Ресторан этот был не так роскошен, как тот, дальше по Бродвею, который
он облюбовал себе, но мало в чем уступал ему. За столиками сидели
состоятельного вида посетители, оркестр играл хорошо и не мешал приятной
беседе, а кухня и обслуживание были вне всякой критики. Его спутница,
несмотря, на простенькое платье и дешевую шляпку, держалась с достоинством,
что придавало особую прелесть природной красоте ее лица и фигуры. И видно
было по ее очаровательному личику, что она смотрит на Чендлера, который был
оживлен, но сдержан, смотрит в его веселые и честные синие глаза почти с
восхищением.
И вот тут в Тауэрса Чендлера вселилось безумие Манхэттена, бешенство
суеты и тщеславия, бацилла хвастовства, чума дешевенького позерства. Он - на
Бродвее, всюду блеск и шик, и зрителей полным-полно. Он почувствовал себя на
сцене и решил в комедии-однодневке сыграть роль богатого светского повесы и
гурмана. Его костюм соответствовал роли, и никакие ангелы-хранители не могли
помешать ему исполнить ее.
И он пошел врать мисс Мэриан о клубах и банкетах, гольфе и верховой
езде, псарнях и котильонах и поездках за границу и даже намекнул на яхту,
которая стоит будто бы у него в Ларчмонте. Заметив, что его болтовня
производит на девушку впечатление, он поддал жару, наплел ей что-то о
миллионах и упомянул запросто несколько фамилий, которые обыватель
произносит с почтительным вздохом. Этот час принадлежал ему, и он выжимал из
него все, что, по его мнению, было самым лучшим. И все же раз или два чистое
золото ее сердца засияло перед ним сквозь туман самомнения, застлавшего ему
глаза.
- Образ жизни, о котором вы говорите, - сказала она, - кажется мне
таким пустым и бесцельным. Неужели в целом свете вы не можете найти для себя
работы, которая заинтересовала бы вас?
- Работа?! - воскликнул он. - Дорогая моя мисс Мэриан! Попытайтесь
представить себе, что вам каждый день надо переодеваться к обеду, делать в
день по десяти визитов, а на каждом углу полицейские только и ждут, чтобы
прыгнуть к вам в машину и потащить вас в участок, если вы чуточку превысите
скорость ослиного шага!
Мы, бездельники, и есть самые работящие люди на земле.
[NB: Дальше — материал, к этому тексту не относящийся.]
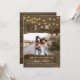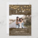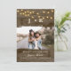Establezca el tono de su gran día con esta foto rústica ahorre la tarjeta de fecha con su monograma, luces de cuerda brillantes y una textura de madera de granero con un marco fotográfico al estilo de una pincelada. Perfecto para bodas de campo, casa de campo o al aire libre, esta tarjeta personalizada resalta su foto favorita de compromiso mientras la mantiene maravillosamente incómoda y romántica.
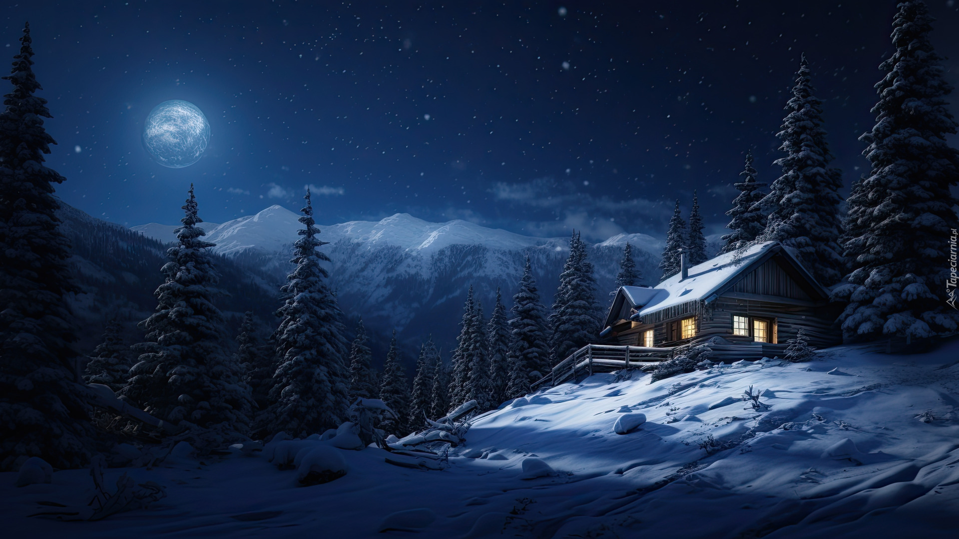 Edytor tapety: Ośnieżony dom obok drzew w świetle księżyca

Обед был окончен, официант щедро вознагражден, они вышли из ресторана и
дошли до того угла, где состоялось их знакомство. Мисс Мэриан шла теперь
совсем хорошо, ее хромота почти не была заметна.
- Благодарю вас за приятно проведенный вечер, - искренне проговорила
она. - Ну, мне надо бежать домой. Обед мне очень понравился, мистер Чендлер.
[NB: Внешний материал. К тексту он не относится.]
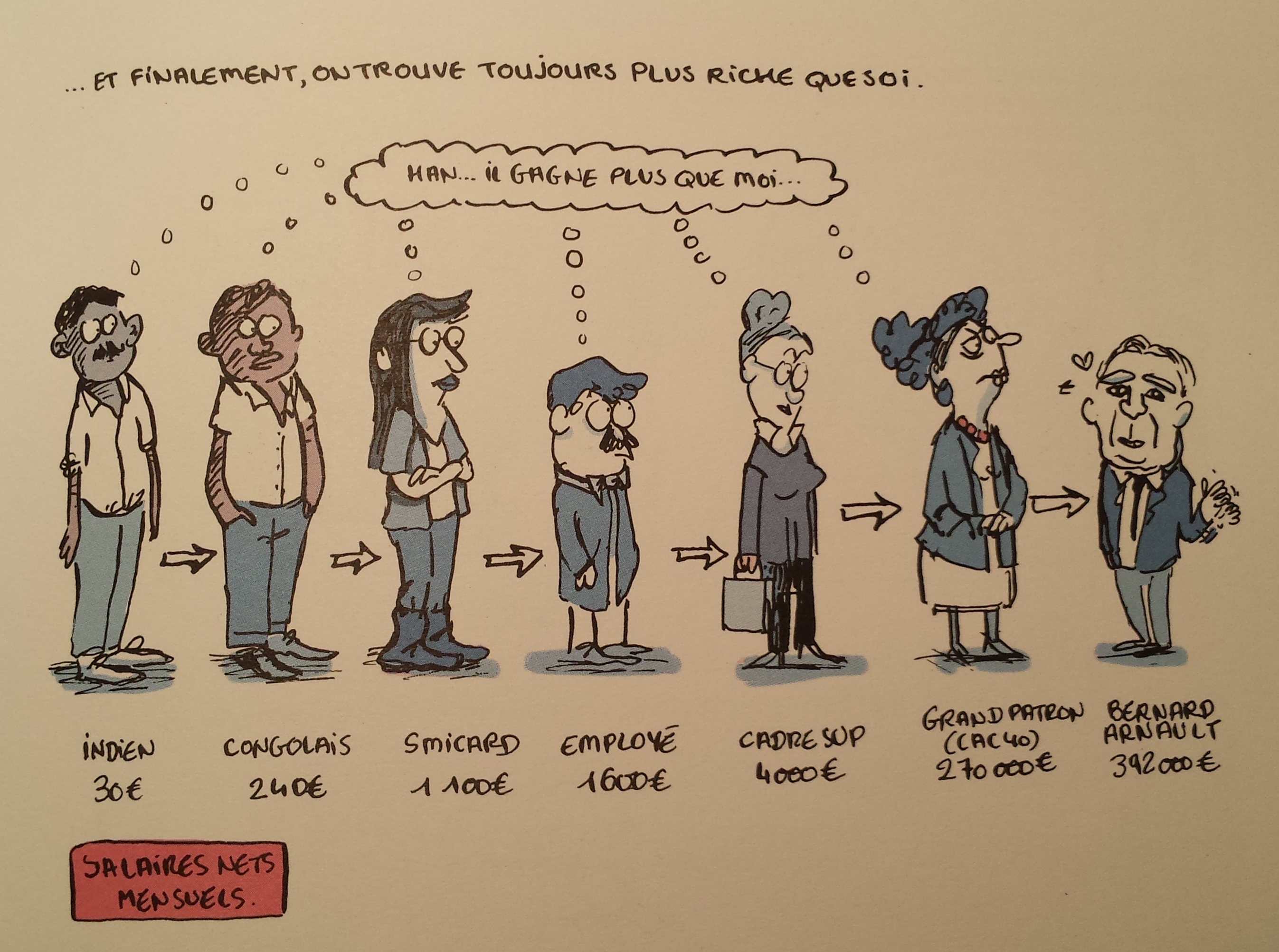L’idée de méritocratie continue à perdurer comme un mythe. « Le mérite, c’est ce qu’on fait croire, mais en fait, dans la vie, on mérite des chances dont dispose la classe à laquelle on appartient » (p. 118). Une précision qui change bien des choses. Ce n’est pas qu’il n’est pas possible de changer de caste sociale. C’est juste rare, juste quelques exceptions. « Jusque dans les années 50, on s’entraidait en famille et entre classe. Le groupe était important…C’était le bon vieux temps et Dépardieu jouait dans Germinal. Marx parlait d’une « conscience de classe » possible, grâce à la mobilisation et la lutte. Mais aujourd’hui, la société encourage plutôt l’individualisme, la concurrence et la compétition avec des effets plus ou moins néfastes. La classe ouvrière subit même un individualisme « négatif » car elle a perdu les liens de solidarité qui la caractérisait. Les classes moyennes sont plutôt dans un individualisme dit « positif » car finalement plus épanouissant, apportant une forme d’indépendance. Les riches eux, s’ils sont dans l’individualisme et la compétition dans l’idéologie, sont dans la pratique, tout à fait collectivistes et mobilisés… entre eux et pour eux. » (pp. 118-119).

Сердечно улыбаясь, он пожал ей руку и сказал что-то насчет своего клуба
и партии в бридж. С минуту он смотрел, как она быстро шла в восточном
направлении, затем нанял извозчика и не спеша покатил домой.
У себя, в сырой комнатушке, он сложил свой выходной костюм, предоставив
ему отлеживаться шестьдесят девять дней. Потом сел и задумался.
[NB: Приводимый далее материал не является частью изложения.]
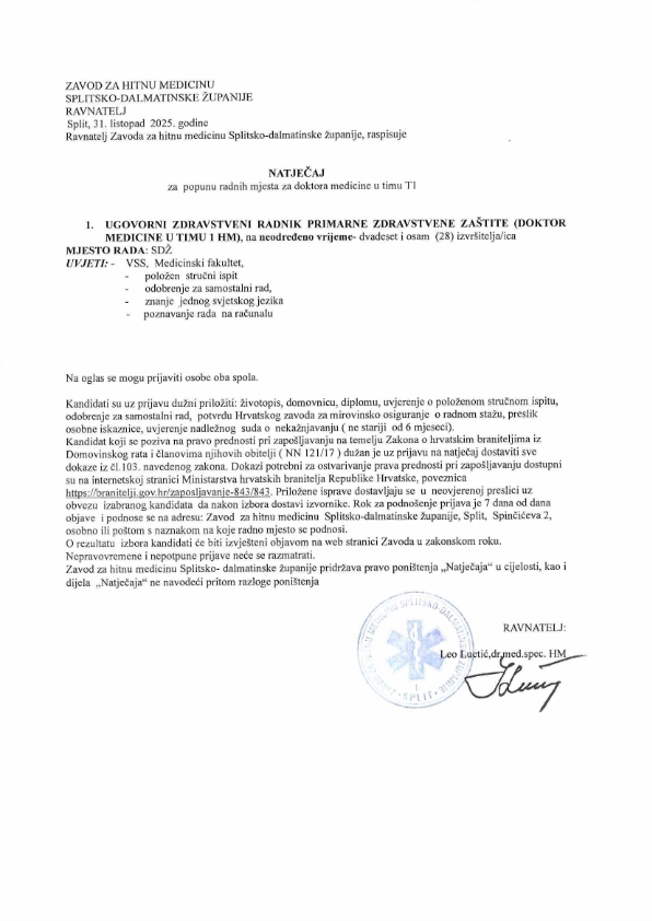 Natječaj za popunu radnih mjesta za doktora medicine u timu T1
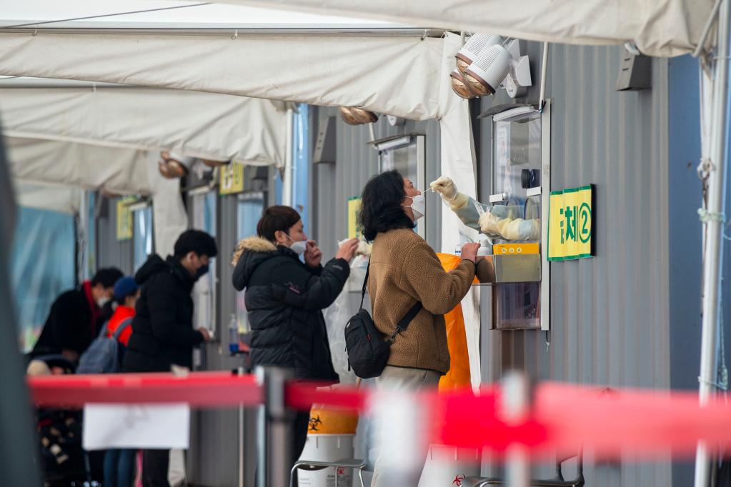 12月11日,在韓國首爾廣場(chǎng)新冠檢測點(diǎn),民眾接受核酸采樣。新華社記者王益亮攝
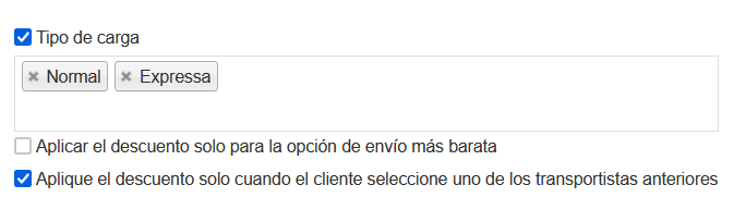 Si habilita las opciones Tipo de carga y Aplique el descuento solo cuando el cliente seleccione uno de los transportistas anteriores y selecciona los tipos de flete deseados, el descuento de flete se aplicará a todos los tipos de flete seleccionados solamente cuando el cliente elija el tipo de flete en el checkout.
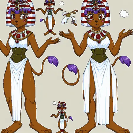 使用新的LORA小马进行一次新尝试,以便这个新的LORA斯芬克斯能非常类似于电子游戏系列《克利奥帕特拉财富》中的斯芬克斯。

- Вот это девушка! - проговорил он вслух. - А что она порядочная,
головой ручаюсь, хоть ей и приходится работать из-за куска хлеба. Как знать,
не нагороди я всей этой идиотской чепухи, а скажи ей правду, мы могли бы...
А, черт бы все побрал! Костюм обязывал.
Так рассуждал дикарь наших дней, рожденный и воспитанный в вигвамах
племени манхэттенцев.
Расставшись со своим кавалером, девушка быстро пошла прямо на восток и,
пройдя два квартала, поровнялась с красивым большим особняком, выходящим на
авеню, которая является главной магистралью Маммоны и вспомогательного
отряда богов. Она поспешно вошла в дом и поднялась в комнату, где красивая
молодая девушка в изящном домашнем платье беспокойно смотрела в окно.
- Ах ты, сорви-голова! - воскликнула она, увидев младшую сестру. -
Когда ты перестанешь пугать нас своими выходками? Вот уже два часа, как ты
убежала в этих лохмотьях и в шляпке Мэри. Мама страшно встревожена. Она
послала Луи искать тебя на машине по всему городу. Ты скверная и глупая
девчонка!
Она нажала кнопку, и в ту же минуту вошла горничная.
- Мэри, скажите маме, что мисс Мэриан вернулась.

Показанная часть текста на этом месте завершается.